■ Dataset content
+-------+

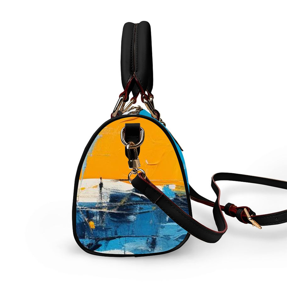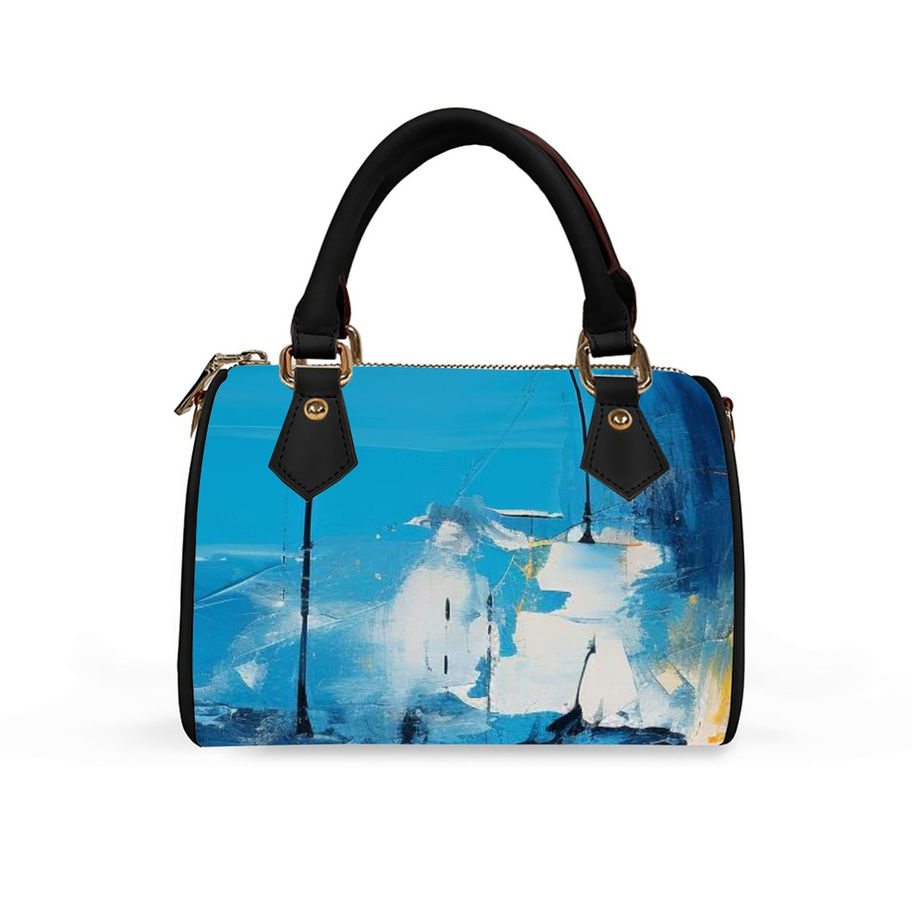 Measurement: 11"(L), 7"(H), 6"(W). Barrel-shaped design, adjustable shoulder strap, accented with metal hardware. Care Instruction: clean with a damp cloth; avoid direct sunlight and sharp objects.
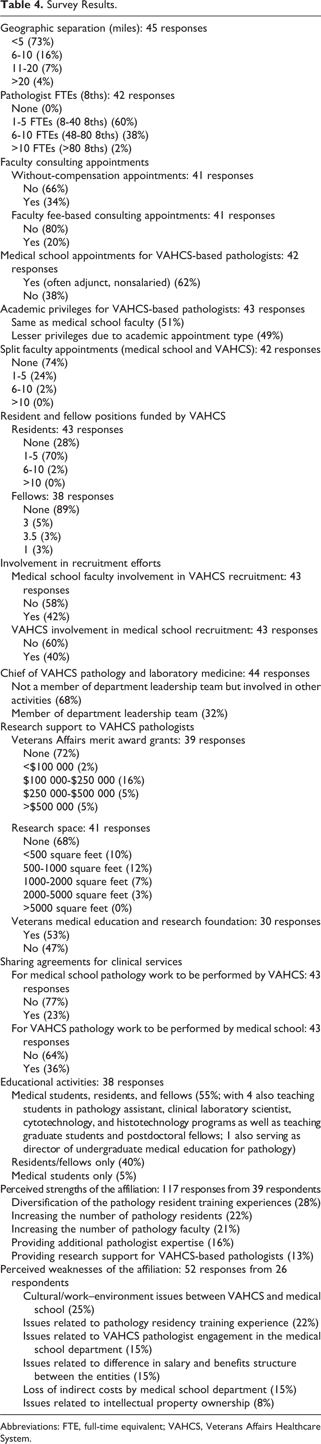 Narrative comments provided by some respondents indicated considerable variability among the respective affiliations, ranging from full integration of anatomic pathology cases into the medical school department workflow to no integration at all. The immense value of the educational experience for trainees was recognized by all. In a few instances, respondents expressed frustration with perceived rigidity of the VAHCS contracting and human resources processes.
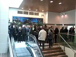 La station accueille une œuvre d'Hugues Reip[14],[15], tant dans les couloirs que sur les quais.
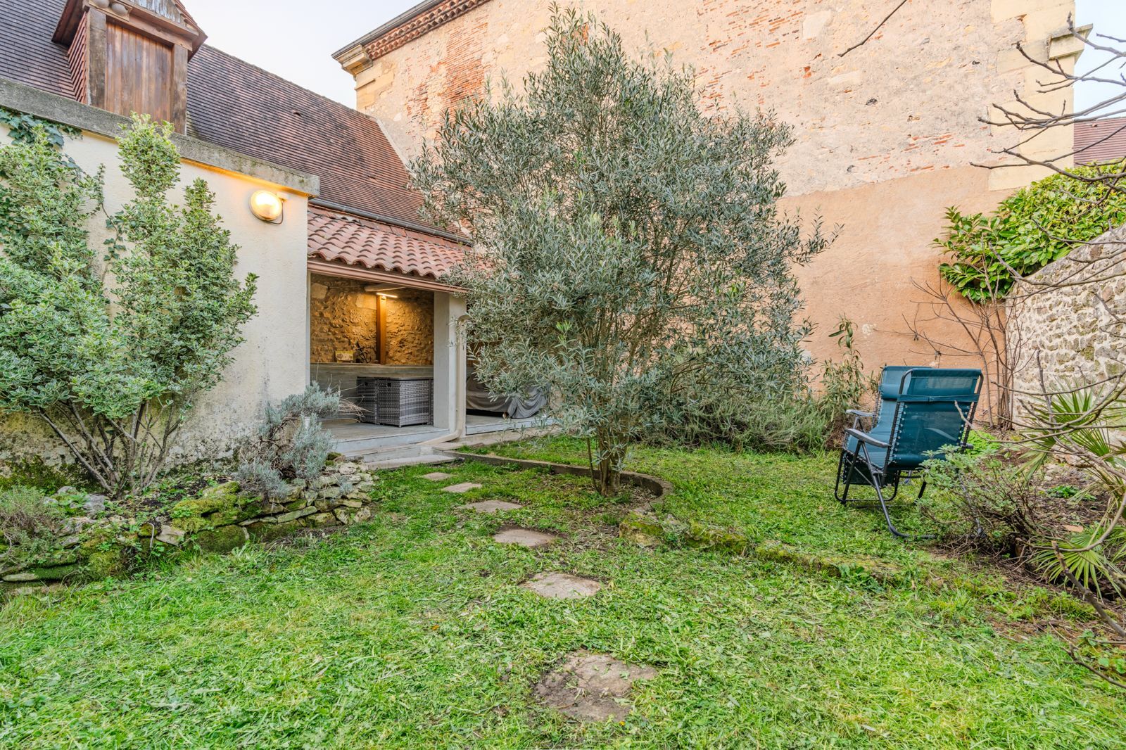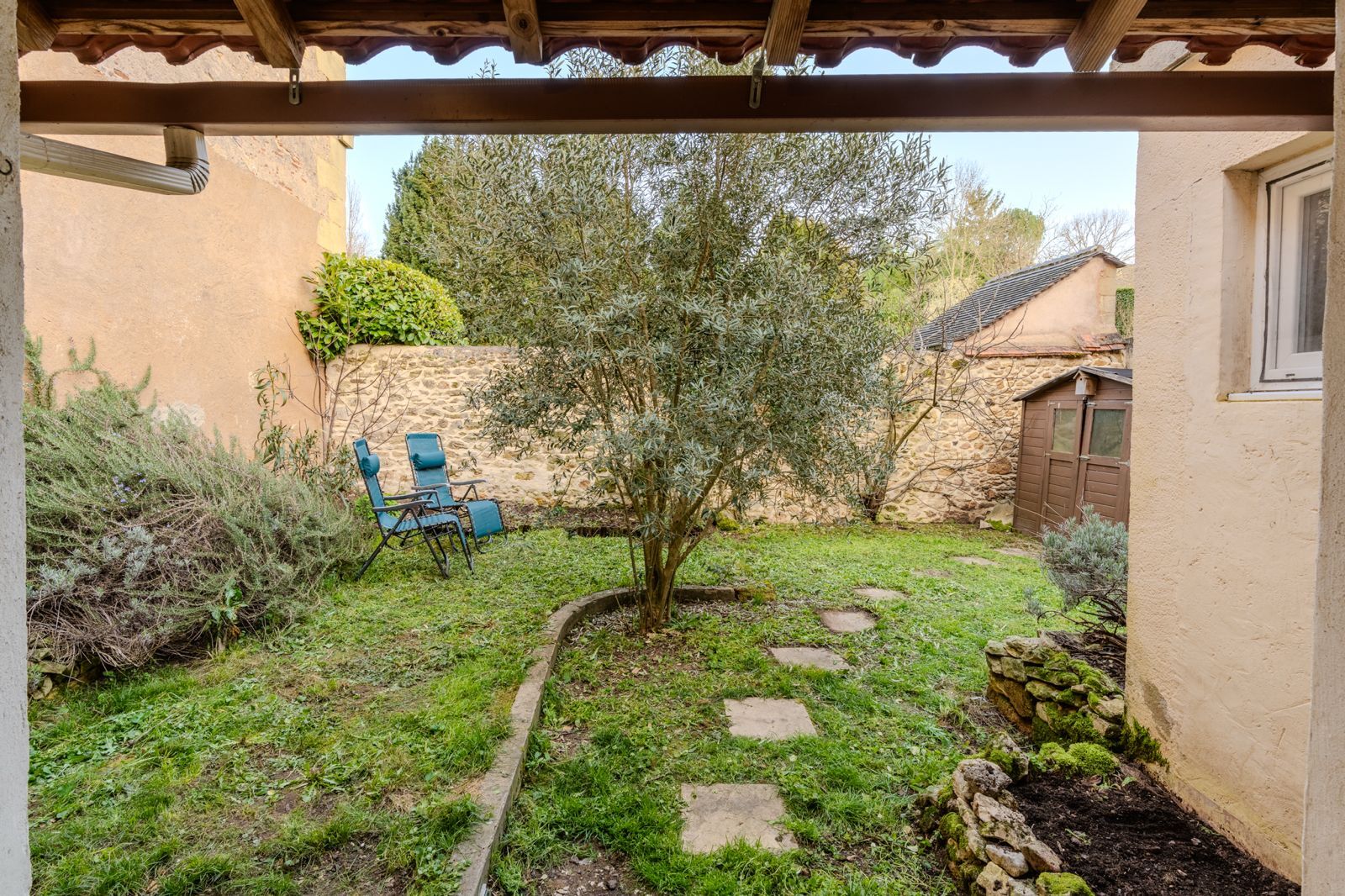 - Jardin(s) Jardinet à l'arrière clos de murs avec petite terrasse couverte en tout 191m2

+-------+

■ Your task
What you write should match, word for word, the lines from the one containing "La station accueille" to the end of the listing, with both ends kept and the pictures left out.

■ Completed task
 La station accueille une œuvre d'Hugues Reip[14],[15], tant dans les couloirs que sur les quais.
 - Jardin(s) Jardinet à l'arrière clos de murs avec petite terrasse couverte en tout 191m2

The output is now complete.